España, si acaso, es una radical expresión de la lógica de la impunidad legal. Leyes de amnistía establecidas tras el final de alguna dictadura se han producido en el cincuenta por ciento de las transiciones de distintos países, aunque en algunos lugares aquellas se han eliminado, como ocurrió con la resolución de la Corte Suprema argentina en 2005 que derogó la Ley de Punto Final de 1986 (Ley 23492 de 23 de diciembre de 1986) y la Ley de Obediencia Debida de 1987 (Ley 23521 de 8 de junio de 1987). En España dicha ley sigue en vigor y poco se puede decir de la incompatibilidad de una ley de amnistía y una democracia basada en la idea de verdad.
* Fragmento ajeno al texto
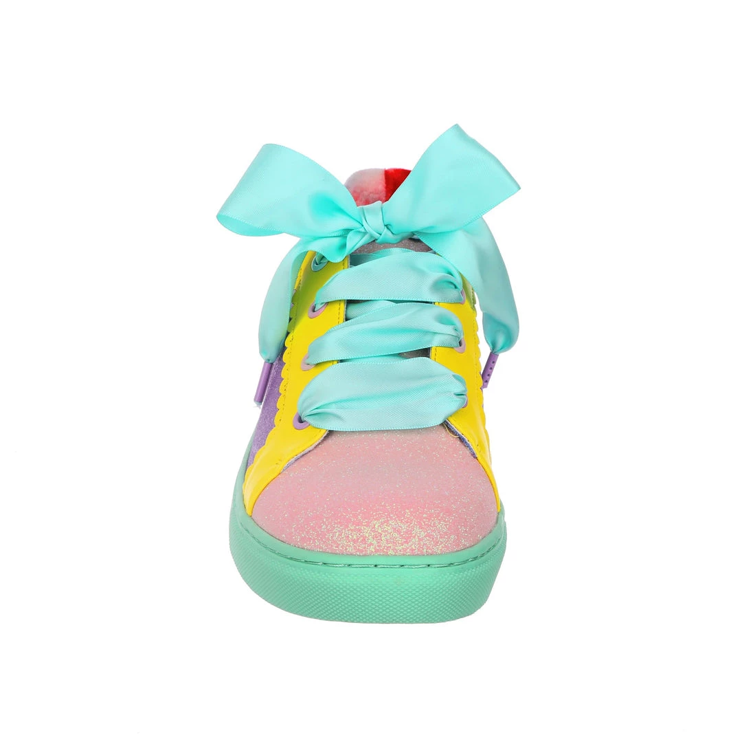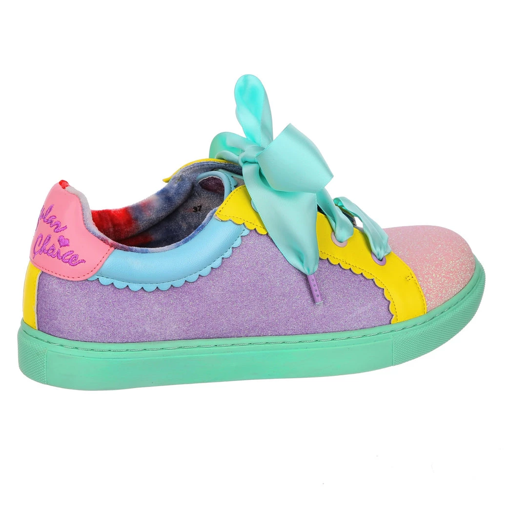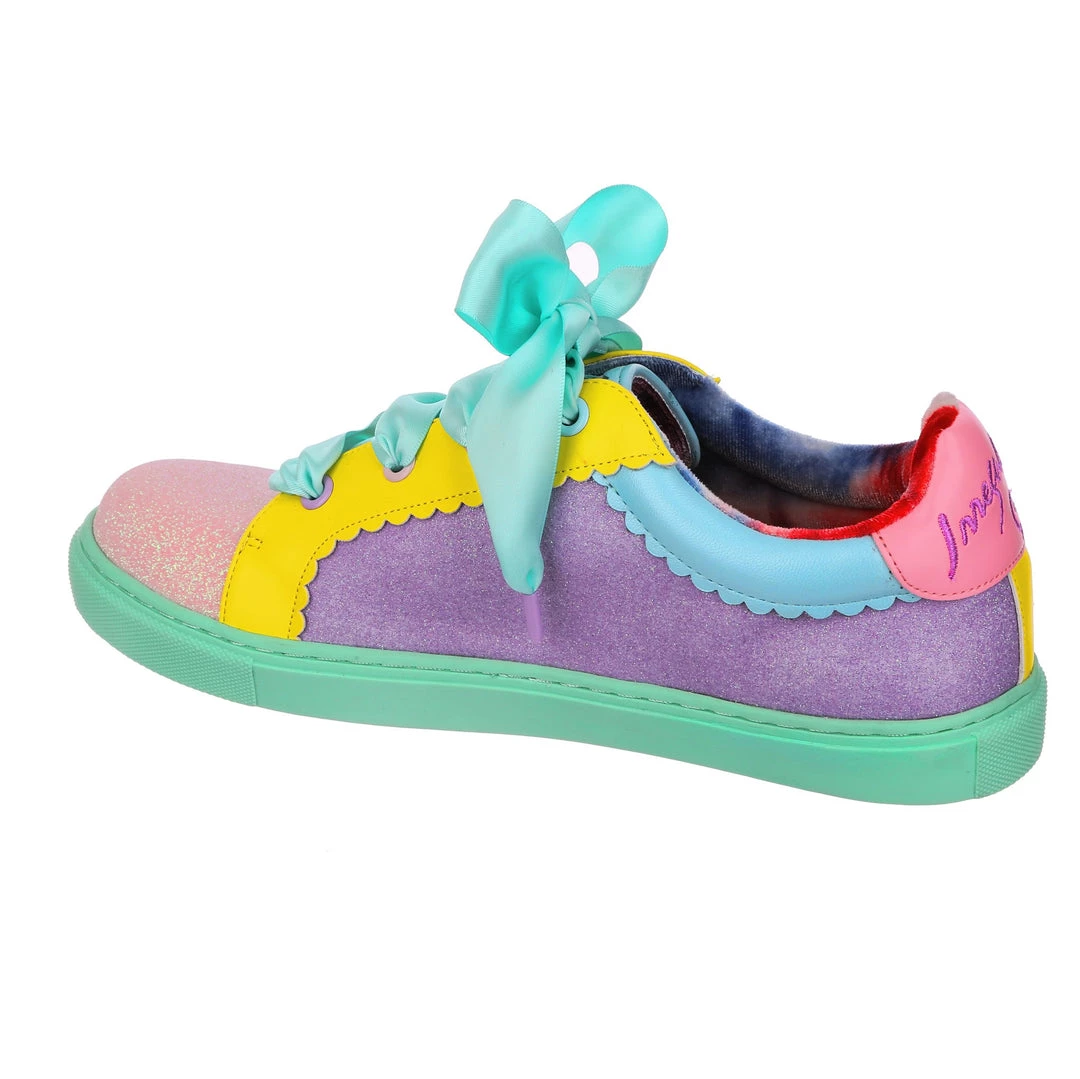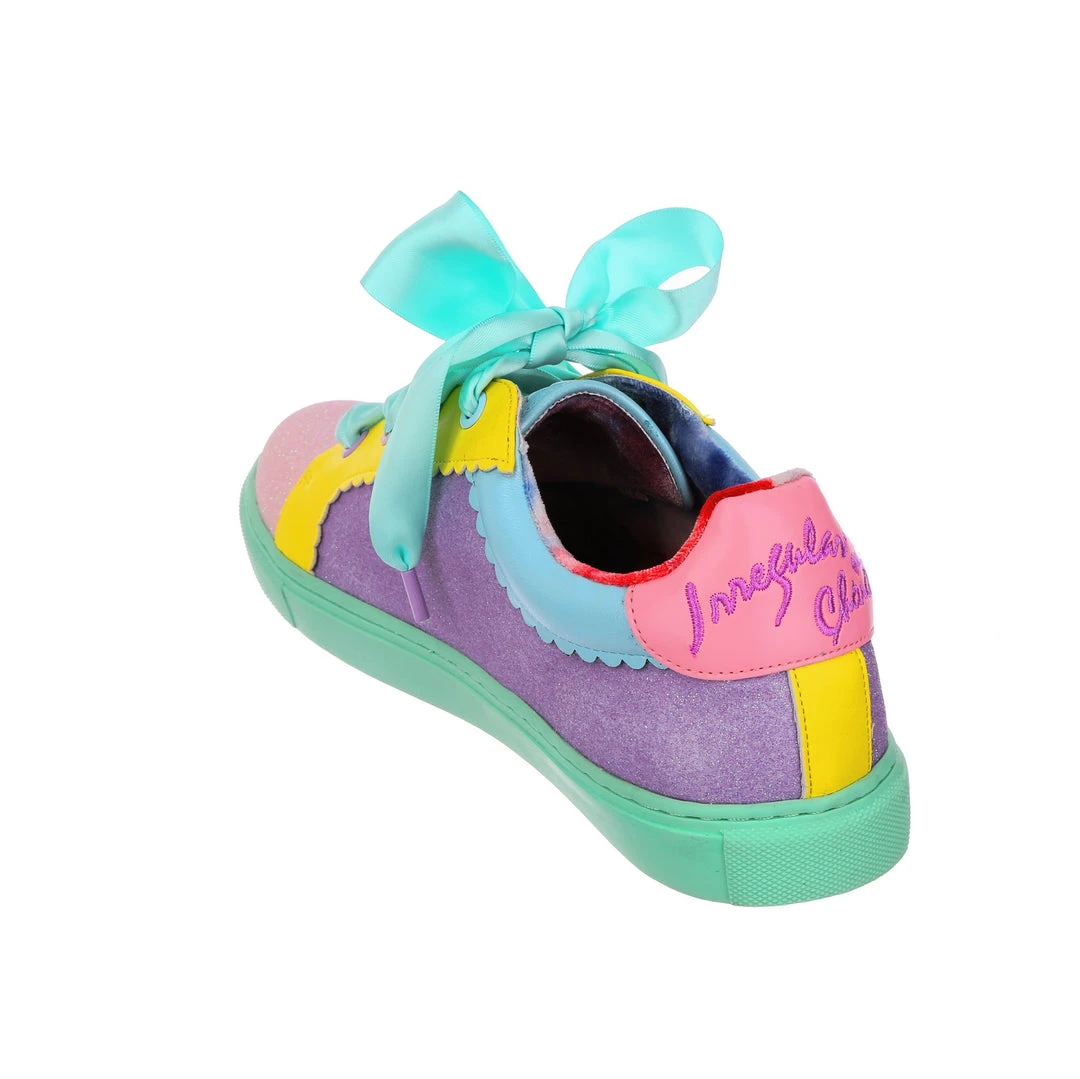 Wanting something comfy and casual but still with some irregular flair, these are the shoes for you! A comfy lace up sneaker style, these pumps are all decked out in a shimmering mismatch patchwork of pastel glitter tones, with bright yellow details and a sumptuous sea foam satin ribbon lace! Absolutely perfect to lace up, step out and show the world what you are made of!

Por mucho que en su aprobación estuvieran implicada vehementemente la izquierda para sacar de las cárceles a cerca de 600 presos políticos de la dictadura, por la puerta de atrás se salvaron de procesamiento judicial todos los verdugos al servicio del franquismo desde 1936. No fue, es verdad, una auto-amnistía decretada por el propio régimen autoritario, como fue el caso de Chile, pero no deja de lastrarnos como una gran concesión de nuestra «modélica» transición a la democracia a los perpetradores.
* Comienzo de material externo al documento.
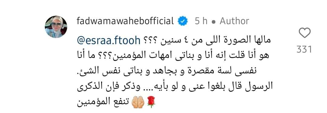وكتبت فدوى مواهب، منشورًا عبر حسابها الشخصي بموقع إكس، تويتر سابقًا، جاء فيه: مالها الصورة من 4 سنين، هو أنا قُلت إنه أنا وبناتي أمهات المؤمنين، ما أنا نفسي لسة مقصرة وبجاهد وبناتي نفس الشيء، الرسول قال بلغوا عني ولو بآية، وذكر فإن الذكرى تنفع المؤمنين.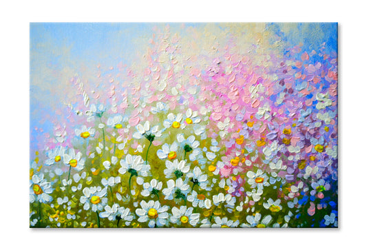 White Flower Plants Field Oil Painting Wall Art Limited Edition High Quality Print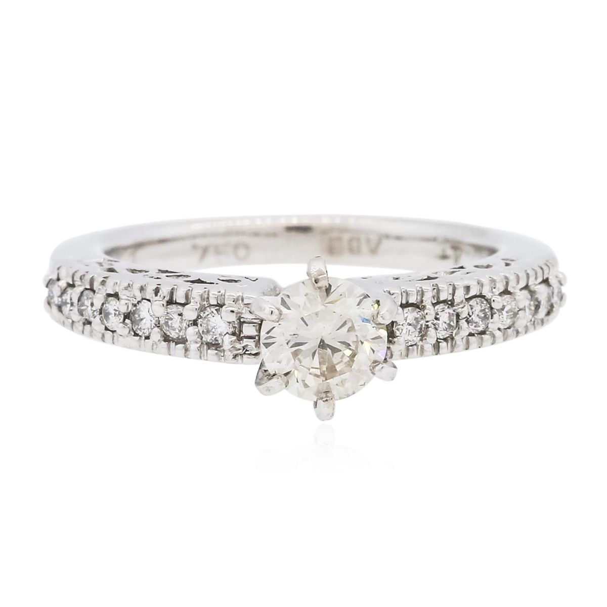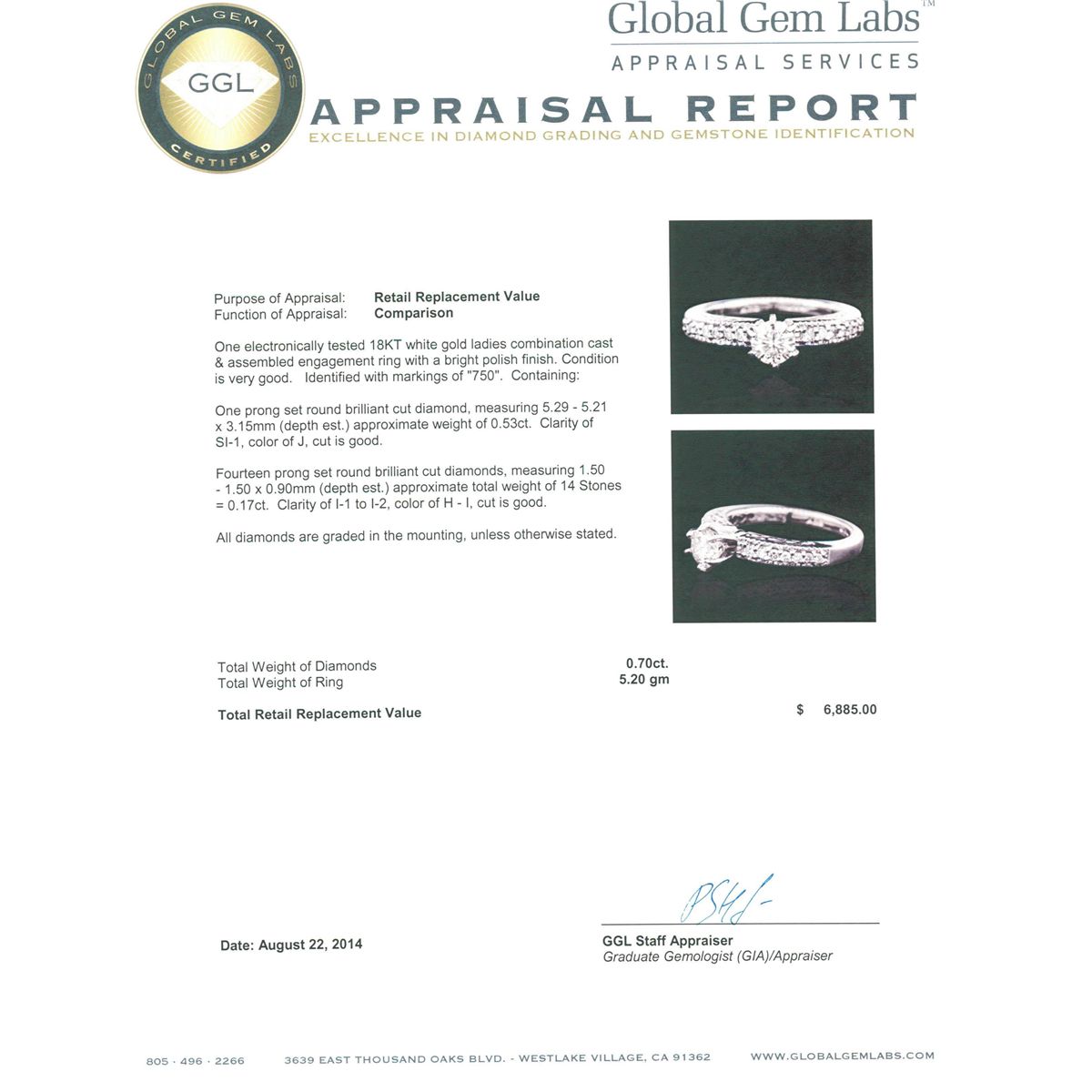 One electronically tested 18KT white gold ladies combination cast & assembled engagement ring with a bright polish finish. Identified with markings of "750". Condition is very good. Containing: One prong set round brilliant cut diamond, measuring 5.29 - 5.21 x 3.15mm (depth est.) approximate weight of 0.53ct. Clarity: SI-1. Color: J, Cut is Good. Fourteen prong set round brilliant cut diamonds, measuring 1.50 - 1.50 x 0.90mm (depth est.) approximate total weight of 14 Stones = 0.17ct. Clarity: I-1 to I-2. Color: H - I, Cut is Good. All diamonds are graded in the mounting, unless otherwise stated. Total Weight of Diamonds 0.70ct. Total Weight of Ring 5.20 grams. GGL Appraised at $6,885.00.

A la cesión de la ley de amnistía, verdadera ley de memoria histórica en España, más allá de la Ley 57/2007, de 26 de diciembre (conocida popularmente como Ley de Memoria) —por cierto, una norma legal decretada para ser incumplida habitualmente por el propio Estado—, se une la inexistencia de comisiones de la verdad, un tipo de reparación que hasta 2007 se ha establecido en no menos que 68 países con procesos de violencia cuyos efectos han sido altamente traumáticos. Cierto es que las comisiones se centran fundamentalmente en la reparación de las víctimas y que la verdad que pretenden está menos reconocida que la verdad establecida en un tribunal. Pero, sin duda, tienen recorrido en el reconocimiento de las víctimas y la audiencia de sus testimonios puede contribuir a identificar victimarios y crímenes contra la humanidad. En todo caso, el principal problema de España es la ausencia de procesos penales contra los crímenes del franquismo, especialmente porque quedan excluidos de las amnistías y no son contemplados en comisiones de la verdad.

Aunque dichos crímenes fueran enjuiciados o su judicialización solo pudiera contemplar la identificación de las víctimas, los problemas prácticos son en España numerosos. Ya no solo porque el sistema judicial está atravesado por una cultura política en parte heredera o condescendiente con el propio victimario, sino también porque los grupos políticos que presionan a dicho poder tienen vinculaciones a veces demasiado claras con la cultura de la perpetración. Adicionalmente, la cultura española sigue aferrada a criterios como la prescripción del delito o la irretroactividad de la ley penal, cuando no a la esperanza de que el paso del tiempo conduzca al olvido. La herencia del ensimismamiento continúa pues proyectando sus sombras.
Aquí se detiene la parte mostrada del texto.